Jankin turned to charge down the tunnel, but Mateus and one
other, hardly surprised by Jankin’s customarily wild outburst, immediately sprang upon him and bore him to the ground.

“Phaestus!” Jankin cried wildly, his long and shaggy black hair flying all about his face. “I am coming!”

“What is it?” Drizzt had to ask, having no idea of what the friars were talking about, though he thought he recognized the reference. “Who, or what, is Phaestus?”

“Hephaestus,” Brother Mateus corrected.

Drizzt did know the name. One of the books he had taken from Mooshie’s Grove was of dragon lore, and Hephaestus, a venerable red dragon living in the mountains northwest of Mirabar, had an entry.

“That is not the dragon’s real name, of course,” Mateus went on between grunts as he struggled with Jankin. “I do not know that, nor does anyone else anymore.” Jankin twisted suddenly, throwing the other monk aside, and promptly stomped down on Mateus’s sandal.

“Hephaestus is an old red dragon who has lived in the caves west of Mirabar for as long as anyone, even the dwarves, can remember,” explained another friar, Brother Herschel, one less engaged than Mateus. “The city tolerates him because he is a lazy one and a stupid one, though I would not tell him so.
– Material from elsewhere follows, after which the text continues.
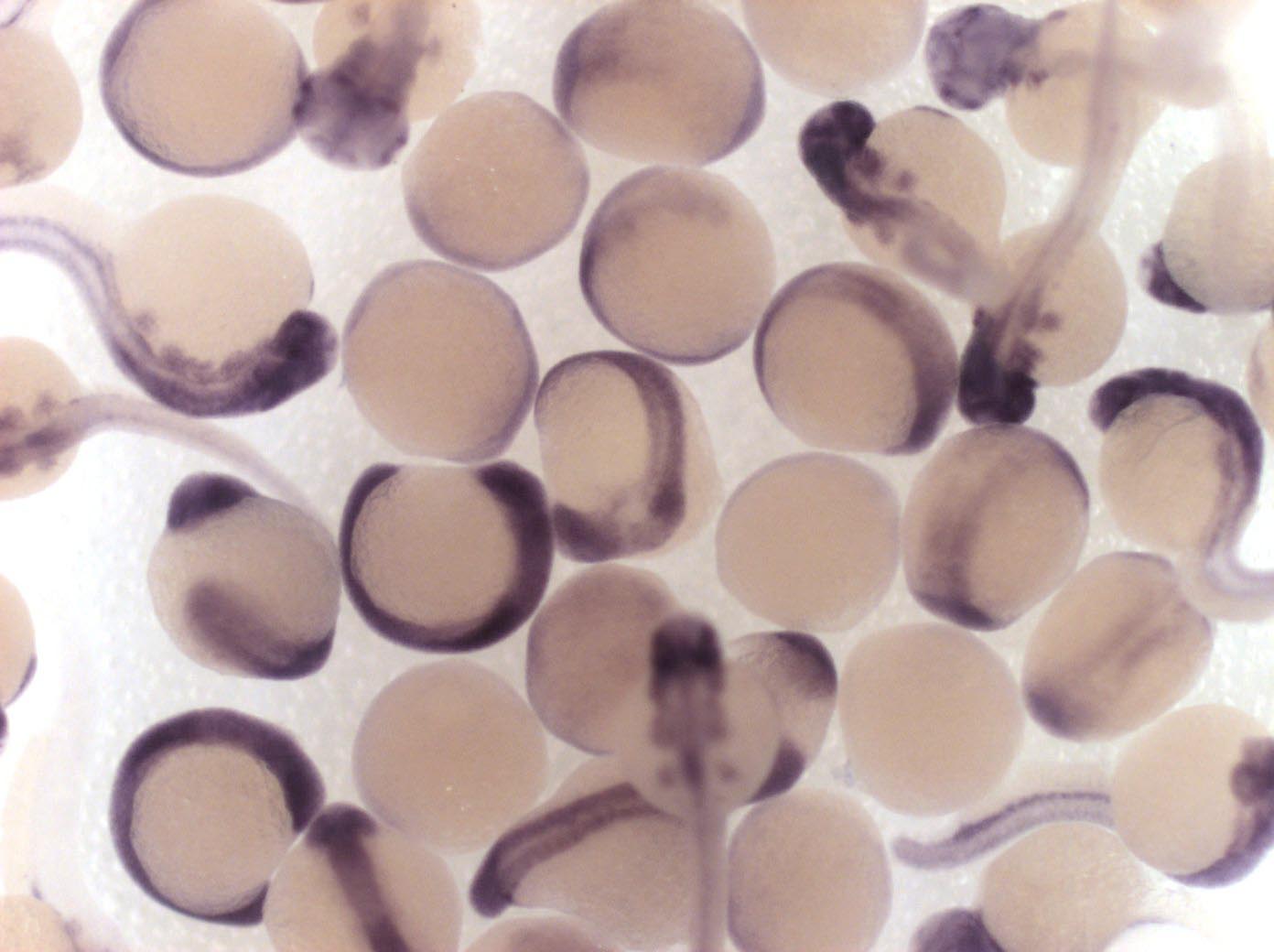 More in blood at 24 hpf and in central nervous system and branchial arches at 36 and 48 hpf

Most cities, I presume, would choose to tolerate a red if it meant not fighting the thing! But Hephaestus is not much for pillaging—none can recall the last time he even came out of his hole—and he even does some ore-melting for hire, though the fee is steep.”

“Some pay it, though,” added Mateus, having Jankin back under control, “especially late in the season, looking to make the last caravan south. Nothing can separate metal like a red dragon’s breath!” His laughter disappeared quickly as Jankin slugged him, dropping him to the ground.

Jankin bolted free, for just a moment. Quicker than anyone could react, Drizzt threw off his cloak and rushed after the fleeing
monk, catching him just inside the heavy iron door. A single step and twisting maneuver put Jankin down hard on his back and took the wild-eyed friar’s breath away.

“Let us get by this region at once,” the drow offered, staring down at the stunned friar. “I grow tired of Jankin’s antics—I might just allow him to run down to the dragon!”